II. X-RAY DETECTION FOR QUALITY CLASSIFICATION

X-ray imaging is an established technique to detect strongly attenuating materials and has been applied to a
number of inspection applications within the agricultural and food industries. X-rays are electromagnetic
radiation ranging in wavelength from about 0.01 to 10nm. The shorter the wavelength of the x-ray the greater is
its energy and its penetrating capacity. The shorter wavelengths closer to and overlapping the gamma rays are
called hard x-rays.
X-rays, because of their high energy, can penetrate many objects. However, there is variability in
penetration through different materials due to differences in their material properties. Photons in an X-ray beam,
when passing through an object, are transmitted, scattered, or absorbed.
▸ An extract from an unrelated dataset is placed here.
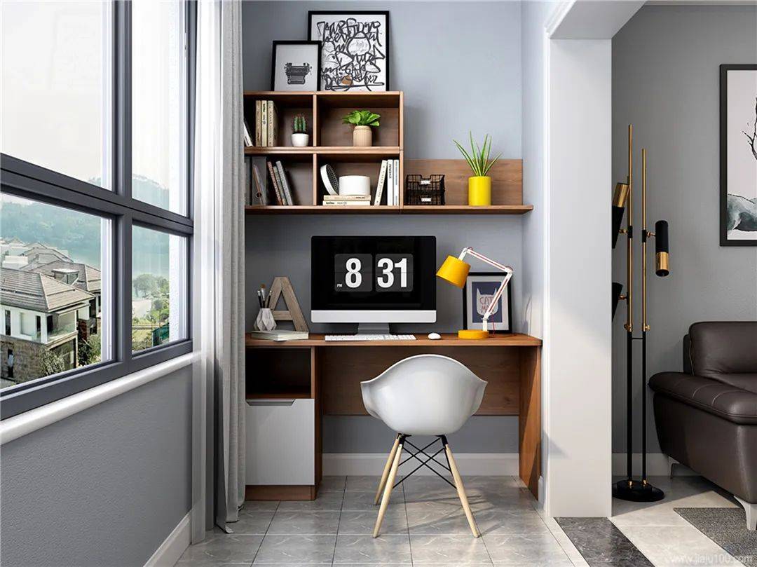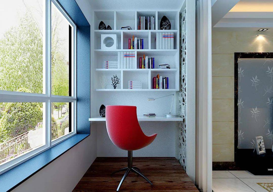 吾心安处是书乡,阳台可以改造成阳光书房,封上阳台,摆上一桌一椅一书架,打造成一个合适的学习区域,在悠闲午后,远离外界滋扰,遨游书海世界,得到阳光的轻抚,畅享安静时光。

Intensity of the transmitted photons is
attenuated by following equation (Curry et al., 1990):
I = I0 exp (−µz)
Where I is intensity of attenuated photons, I0 the intensity of incident photons, µ the linear attenuation
coefficient (1/cm) and z is the material thickness (cm) through which the X-ray passes. Radiography seeks to
capture the X-ray transmission difference due to differences in material properties in the form of visual contrast
in the image. This contrast can be a measure of spatial and quantitative distribution of certain material(s) within
a composite of materials.
Electromagnetic waves with wavelengths ranging from 0.1 to 10 nm with corresponding energies of
about 0.12to 12 keV are called soft X-rays. Due to low penetration power and ability to reveal the internal
density changes soft X-rays are more suitable to be used on agricultural products. Neethirajan et al. (2007 b)
reported that the soft X-ray method was rapid and took only 3–5 s to produce an X-ray image.

2.1 X-ray sources


X-rays are produced when high-energy electrons strike a target material, typically Tungsten. An X-ray tube is
similar in design to a light bulb, except that the electrons shedding from the heated filament are subjected to a
high voltage, causing them to accelerate and strike the target at high energies. As these high energy electrons
decelerate in the target material, electrons of target atoms are first excited to higher energy levels, and then
decay to their ground states with the emission of X-ray photons. The size of the target area over which X-rays
are generated is called the focal spot size, and has consequences for the characteristics of the imaging system.
The X-rays themselves have two characteristics that are important in the operation of the X-ray machine; energy
and current. The energy refers to the maximum energy that an X-ray photon can possess when exiting the tube
(generally between 20 and 100 KeV for food inspection) and defines the penetrating power of the X-ray beam.
The current, measured in mA, is associated with the number of X-ray photons being generated. The power
supply has a maximum power (the product of the energy and the current) rating, and a balance is therefore
required between the energy and current, which has consequences for the resulting image quality. The result of
this power limitation is that most X-ray inspection systems are limited to less than 10 mA of current.

2.2 Detection and imaging


The first X-ray detector was a sheet of paper coated with barium platinocyanide used by Roentgen in 1895. The
paper fluoresced when impacted by X-rays, and led to their initial discovery. Since that time, many different
materials have been observed to react to the presence of X-rays and have led to many different types of
detectors. Modern X-ray inspection units generally fall into one of three categories: film, linescan machines, and
direct detection semiconductor materials. Of these, film is the most widely used because of its high resolution
and dynamic range. It is used for quality inspection of many food products other than medical and dental
purposes.
Conventionally, there are two methods to acquire X-ray image. The first method is that the inspected
object is fixed and the linescan sensor is moved with a constant speed within the exposure range of the X-ray
source tube. The second method is that both X-ray source tube and linescan sensor are fixed and let the object
move through the inspection zone. Taking the quarantine requirement into consideration Ta et al., 2005 adopted
the second inspection method. The schematic layout of the X-ray imaging system is illustrated in Fig. 1.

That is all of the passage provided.